Characterization of a novel Duchenne muscular dystrophy conditional mouse model


Pre-Clinical Research

Poster Number: S39


Muthukumar Karuppasamy, PhD, University of Alabama at Birmingham, Katherine English, BS, Division of Neurology, Department of Pediatrics, University of Alabama at Birmingham, Jeffrey Widrick, PhD, Boston Children's Hospital, Louis Kunkel, PhD, Boston Children's Hospital, Matthew Alexander, PhD, University of Alabama at Birmingham

Background: Duchenne muscular dystrophy (DMD) is an X-linked muscle-wasting disorder characterized by muscle weakness, cardiac arrhythmia, and respiratory weakness due to the mutations in the DMD gene resulting in a non-functional dystrophin protein. DMD predominantly affects 1:5000 males, although female carriers can show symptoms due to incomplete X-inactivation. Currently, many DMD animal models exist, but no effective conditional models to study the consequences of dystrophin loss in a tissue and temporal manner exist. Subsequently, we generated and analyzed a conditional Dystrophin fl52/Y; human alpha-skeletal actin muscle knockout (Dmd fl52/Y; HSA mKO) model by targeting exon 52 deletion in the Dystrophin gene to study the consequences of dystrophin loss in skeletal muscle lineages. The generated DMD mouse model ablates dystrophin protein expression after mating with a Cre recombinase transgenic mouse under the control of HSA promoter element that is restricted to the skeletal muscle.
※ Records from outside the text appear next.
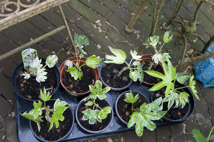 Stekken, maar ik heb ze via ebay gekocht, stevige stekken moet ik zeggen. Ik heb nu zelf wel een groene fatsia gestekt. Je neemt een stekje van een houtige twijg, in de stekpoeder dopen en dan in de aarde, in een kasje ofzo. Ik heb er transparant folie over gedaan en binnen een paar weken heb je wortels aan je stek.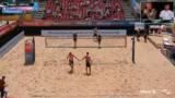 03:37:02Anna-Lena Grüne und Sandra Ittlinger starten ins Spiel wie ein Gebrüll und gehen sofort in Führung. Ihr Spiel ist überlegen, mit starken Blocks und einer fast perfekten Abwehr durch Grüne. Tine Auenbrock und Leo Klinke haben demgegenüber große Probleme mit den Netzübergriffen und Annahmen und können kaum Punkte machen. Eine Fehlchallenge verschlimmert die Situation weiter und führt zu einem klaren Satzgewinn für das favorisierte Team.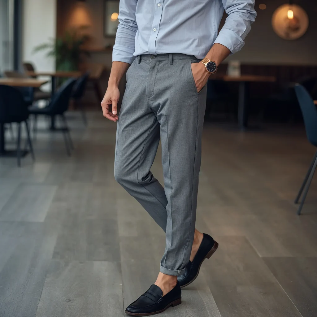 Add a leather belt, a nice watch, and maybe a silk pocket square if you’re feeling fancy. This outfit says “I understand dress codes but I’m not boring about it.”

Hypothesis: Deletion of dystrophin exon 52 in skeletal muscle is hypothesized to result in a severe phenotype recapitulating that observed in the mdx52 mouse model. The generated conditional DMD mKO mouse may have impaired locomotor activity, muscle architecture, pathophysiology, cardiac and respiratory systems similar to other mdx strains.

Methods: Using Cre/LoxP recombination system and CRISPR editing approach, we generated Dmd flox52/Y that was mated to an HSA-Cre+ mouse model. The resulting Dmd mKO mice have been assessed using histopathological, phenotypical, functional and biochemical assays based on TREAT-NMD standard operating protocols (SOPs) for mdx mouse models.

Results: Phenotypic analysis of these conditional Dmd mKO mice revealed a significant decline in locomotor activity and reduced muscle force, motor and muscular function. The histochemical analysis revealed an increase in centralized myonuclei and fibrotic area similar to mdx mice. Immunoassays including western blot and immunohistochemistry confirmed low expression levels of dystrophin in skeletal muscles of Dmd mKO mice.

Conclusions: This conditional Dmd mKO mouse model may yield invaluable insight into DMD disease pathology and possess similar phenotype found in DMD patients. The generated mouse model could be advantageous in preclinical, dystrophin gene therapy, and exon-skipping replacement studies.